Introduction to VBA stomping
The clue is in the file name of output mp3 file.
It so happens that documents containing VBA code do not directly interpret the VBA code as specified in the script files. Instead, the VBA is compiled into what is known as P-Code, a stack-based assembly-like language. This P-Code is stored next to the original source code, and evaluated instead. My guess for Microsoft doing this, is that evaluating P-Code is easier and potentially faster than trying to parse the VBA code every time the macro is invoked.

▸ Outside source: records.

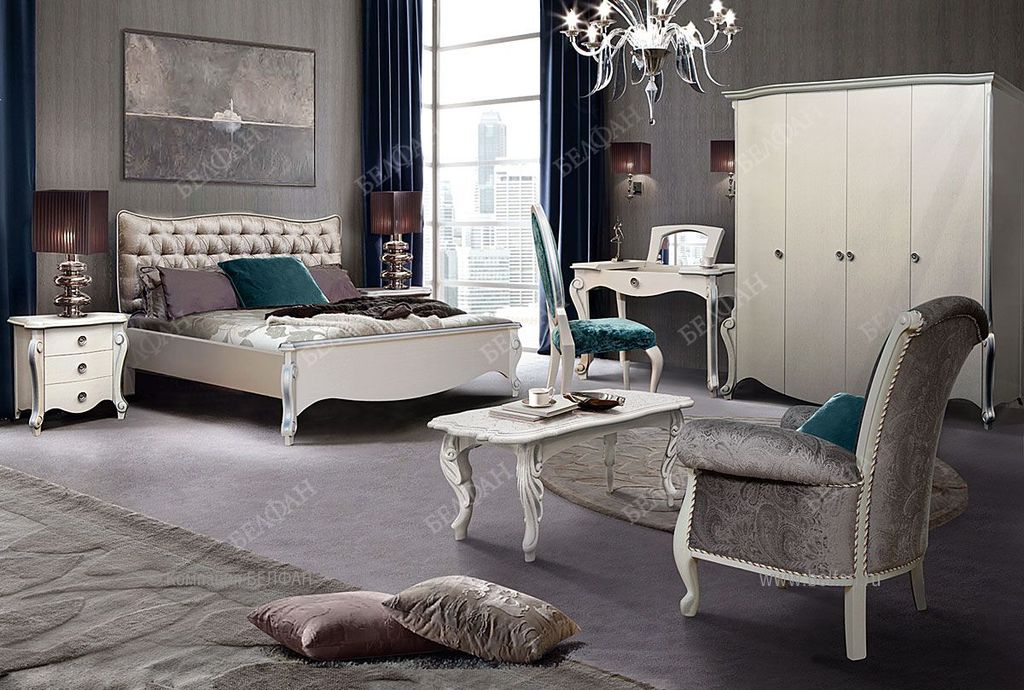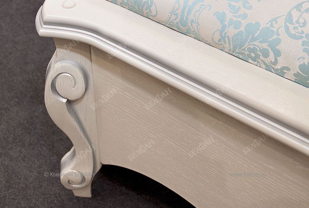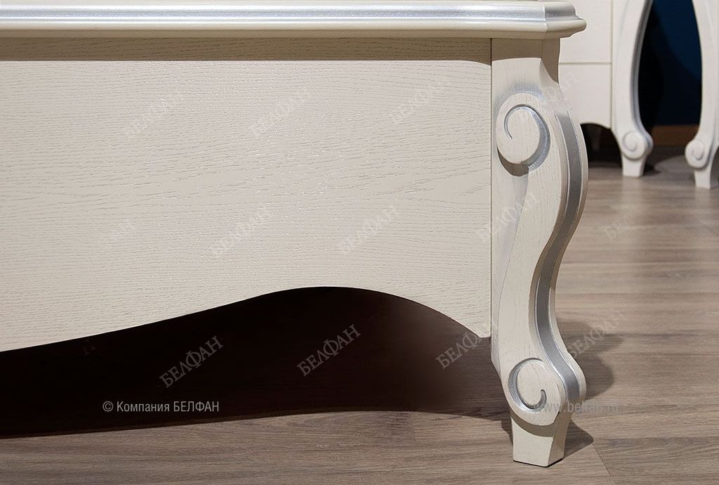 Кровать на деревянном каркасе «Луиза» (Luisa) 160 выигрышно соединила в себе внешнюю роскошь с рациональностью конструкции. Мягкая высокая спинка, обитая тканью высокой категории, изогнутые ножки — не кровать, а настоящее ложе. Кровать может быть выполнена в двух цветовых решениях. Каждое из них прекрасно по-своему: так, если Вы не склонны к усложнению интерьера и, более того, хотите сделать его более воздушным и легким, то «белая эмаль с серебряной патиной» будет самым лучшим выбором. А вот для того, чтобы подчеркнуть презентабельность обстановки, Вам следует выбрать оттенок «коньяк», который добавит нотки представительности и благородства Вашему мебельному интерьеру.
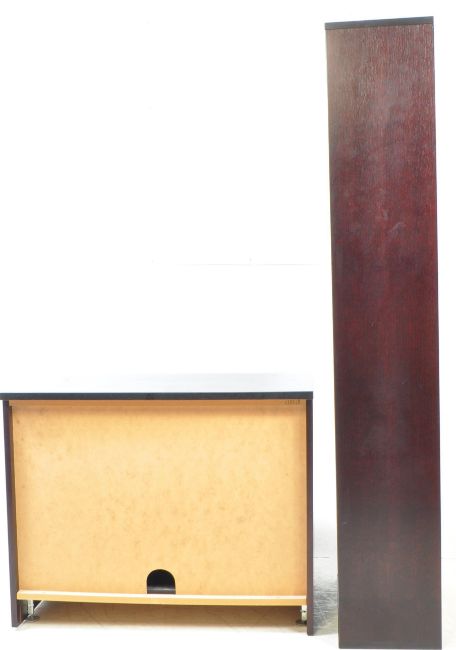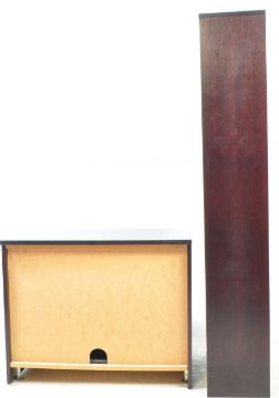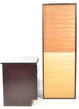 Beaver & Tapley, Tapley 33 - Late 20th century burgundy oak modular units including base units with twin cupboard doors, bookcase / display tops varying sizes. Largest bookcase measures approx: 158x56x26cm
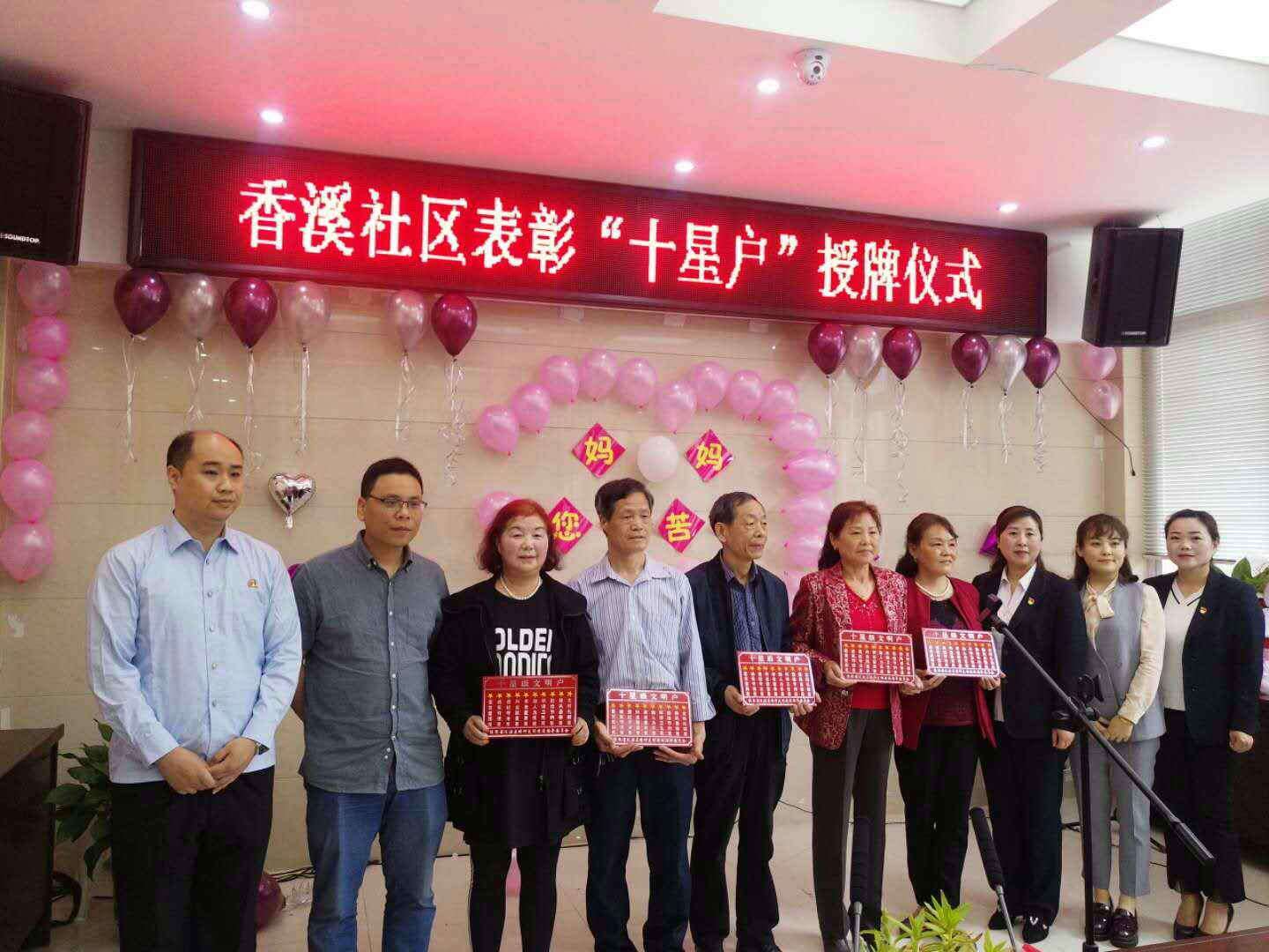 評議結束后, 中級法院,市委政研室,老干部活動中心等單位代表為三位正面典型及香溪社區(qū)通過前期走訪調查,群眾推薦等方式推薦出的10戶十星級文明戶頒發(fā)了榮譽證書和文明戶榮譽牌并鼓勵他們再接再厲,繼續(xù)做好表率。
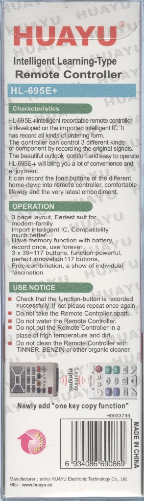 У пульта есть уникальная возможность быстрого копирования сигналов с уже обученного пульт HL-695E на новые пульты HL-695E, сделано это для удобного и быстрого создания копий пультов, особенно актуально например в гостиницах для ТВ пультов или в учебных заведениях где нужно сделать много одинаковых пультов для проекторов или интерактивных досок.
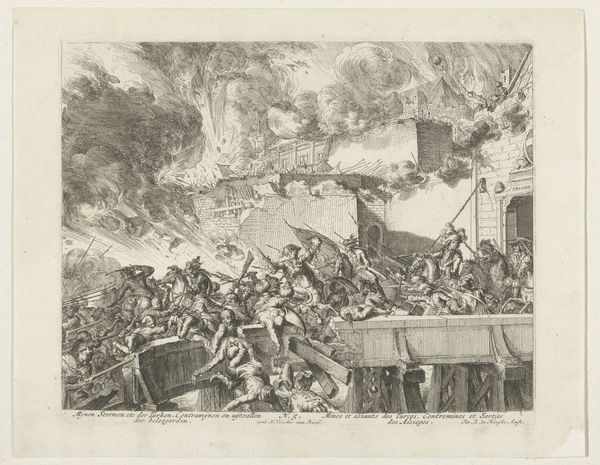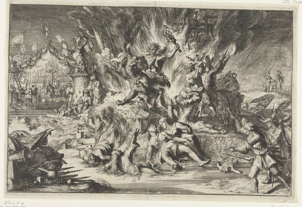 Curator: Christian Bernhard Rode created this etching, "Christus verschijnt bij het Laatste Oordeel," between 1767 and 1779. It's currently part of the Rijksmuseum's collection. What's your initial impression? Editor: The immediate feeling is...chaos. Look at the stark contrast between the serene, illuminated upper register and the tumultuous, shadowy scene below. There’s an overwhelming sense of drama conveyed through the composition alone. Curator: Indeed. The print encapsulates Baroque ideals by depicting not just the theological event of the Last Judgment but its societal implications. Rode was working during a period of significant religious and philosophical debate, and images like this served to reinforce societal norms. The elite were able to communicate moral virtues to everyone. Editor: Focusing on the formal elements, the dynamism achieved through line and light is quite remarkable. The figures in the lower portion are all caught in moments of anguish, conveyed through energetic strokes. Notice how those fragmented architectural elements further amplify this feeling of disarray? Curator: The fragmentation is also reflective of broader anxieties. The toppling pillars could symbolize the fall of empires or the instability of earthly power in the face of divine judgment. This piece circulated as a print, meaning it became quite accessible. Editor: Consider also the ascending figures bathed in divine light; their poses are more idealized and elongated, directing our gaze upward to Christ. The tonal gradation is subtly orchestrated, guiding our eye and emphasizing the divide between earthly suffering and divine grace. Curator: The power dynamic, absolutely. Artworks such as these shaped collective thought by showcasing clear religious hierarchies. Those ascending into Heaven are notably still part of the socio-political elite in that they’re dressed formally with great poise. Editor: Yes, the artist employs recognizable iconography while adding his personal interpretation to amplify the expressive potential of the composition. There’s definitely something more complex happening here than simple didacticism. Curator: Overall, "Christus verschijnt bij het Laatste Oordeel" serves as a cultural artifact, reflecting 18th-century social anxieties and belief systems concerning morality and salvation, brought into accessible locations. Editor: And for me, considering Rode's print primarily triggers an interest in dissecting and contemplating the composition as a method of deconstructing meaning that comes through pictorial structure and internal aesthetic forces.
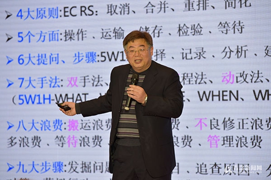 他总结了实现精益生产的方法,即一大准则——动作经济原则;两大支柱——IT与自动化;“三现主义”——现实、现地、现物;四大原则——取消、合并、重排、简化;五大方面——操作、运输、储存、检验、等待;以及六大提问、七大手法、八大浪费、九大步骤。“其中不仅会涉及到目视化、班组管理、价值流管理、放错技术等精益工具的使用,还包括精益制度、精益文化的建设。”张教授表示。

The problem with this is, when Excel notices that some P-Code exists in the file, it will execute this code, without compiling the original source first. This happens even if the P-Code does not match the original code. An attacker could therefore construct a malicious document, by compiling a VBA script to P-Code, and removing or replacing the original VBA code in the document with something completely different. This effectively hides the true program that is executed from the GUI editor that is built into Office products. This technique is also called VBA stomping, which was referred to in the name of the mp3 file.
Finding the real program
Luckily, there are various tools to deal with stomped VBA documents and sheets. One of them is oletools, which can be found here. Running the olevba script on report.xls, confirms that the file is indeed stomped:
$ olevba report.xls ... +----------+--------------------+---------------------------------------------+ |Type |Keyword |Description | +----------+--------------------+---------------------------------------------+ |AutoExec |Auto_Open |Runs when the Excel Workbook is opened | |AutoExec |Workbook_Open |Runs when the Excel Workbook is opened | |Suspicious|CreateObject |May create an OLE object | |Suspicious|Environ |May read system environment variables | |Suspicious|Write |May write to a file (if combined with Open) | |Suspicious|Put |May write to a file (if combined with Open) | |Suspicious|Open |May open a file | |Suspicious|Lib |May run code from a DLL | |Suspicious|Chr |May attempt to obfuscate specific strings | | | |(use option --deobf to deobfuscate) | |Suspicious|Xor |May attempt to obfuscate specific strings | | | |(use option --deobf to deobfuscate) | |Suspicious|Binary |May read or write a binary file (if combined | | | |with Open) | |Suspicious|Hex Strings |Hex-encoded strings were detected, may be | | | |used to obfuscate strings (option --decode to| | | |see all) | |IOC |wininet.dll |Executable file name | |IOC |winmm.dll |Executable file name | |Suspicious|VBA Stomping |VBA Stomping was detected: the VBA source | | | |code and P-code are different, this may have | | | |been used to hide malicious code | +----------+--------------------+---------------------------------------------+
While olevba is able to dump the actual P-Code that is
run, P-Code is harder to read than normal VBA. Fortunately, there is
another tool called pcode2code, which is able to decompile it back to normal VBA code. Feeding report.xls to pcode2code gives us an output similar to the one provided in ActualCode.vb.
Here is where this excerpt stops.